GIS Data

Introduction to GIS Data

Just jumping in? Be sure to check out
parts one and two: What is GIS and GIS Mapping

In Parts 1 and 2, we answered the question 'What is GIS?,' and covered the basics of GIS mapping. Here's a quick refresher:

As a concept, GIS is the intersection of location and data.

As a real world application, GIS is software that captures, manages, and displays data in relation to location.

With numerous use cases and map types, GIS mapping is easily the most common application for GIS software. However, creating a GIS map requires more than just x,y coordinates.

Creating a GIS map requires data.

GIS mapping software

GIS data is a broad category with great variation in terms of:

  • Data formats
  • File types and extensions
  • Data capture methods
  • Use cases for the data

In this chapter, we’ll cover the two basic data types (vector and raster), common GIS file formats, as well as resources for sourcing GIS data.

Click on any of the subjects below to jump directly there.

Vector Data

Vector data is, essentially, a list of coordinates: one that provides instructions on how an image should be rendered. This means that:

Vector images are high-fidelity graphical representations of an image or shape.

This graphical property means that vector images are infinitely scalable: enlarged or reduced with no quality loss. This makes them the preferred file type for web logos and large-scale prints.

Vector images can only be created and manipulated with a computer program like Adobe Illustrator or Sketch. You cannot, for example, use a camera to capture a vector image.

Vector images consist of three basic components: points, lines, and polygons.

Vector Points

Vector points are basically x,y coordinates. They don’t have dimensions and usually represent single data points.

In GIS mapping, vector points illustrate features too small to be drawn at scale.

For example, cities shown on a country map are too small to be drawn at scale.

If you created a map only of the city, you could use lines to draw the city’s boundary.
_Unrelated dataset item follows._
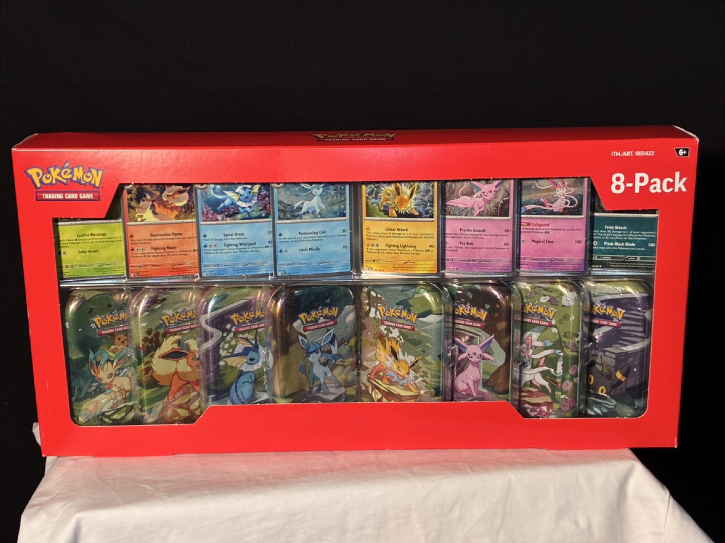 New and sealed 8-pack of Prismatic Evolutions mini tins. Discover the most exciting set from Pokémon Scarlet and Violet, perfect for collectors and players.

However, create a map of the entire country and that boundary is no longer visible - so a labeled point is used instead.

The map below illustrates this concept perfectly: representing all the state capitals as a labeled, star-shaped point.

map of United States capital cities

U.S. capital cities represented as points [Source]

Vector Lines

Vector lines are a series of interconnected vector points.

They have distinct start and end points and though they can intersect with one another, a single line will not intersect with itself.

Lines are used to represent linear features such as rivers, roads, and trails.

Color, thickness, and line type (solid or dashed) are used to denote unique features, or unique attributes of the same feature.

For example, a heavily trafficked highway might be drawn with a thick line, whereas the residential roadway would be much thinner. Moreover, streets could be solid black lines, while the river might be dotted and blue.

Stylistic choices like these are at the map makers discretion, but can add depth and visual interest to the map.

map of Nurnberg U-Bahn subway system

Nürnberg subway system represented with lines [Source]

Polygons

Polygons are lines in which the first point is also the last: creating a shape.

Polygons represent features with distinct boundaries: states, counties, property lines, lakes, or forests.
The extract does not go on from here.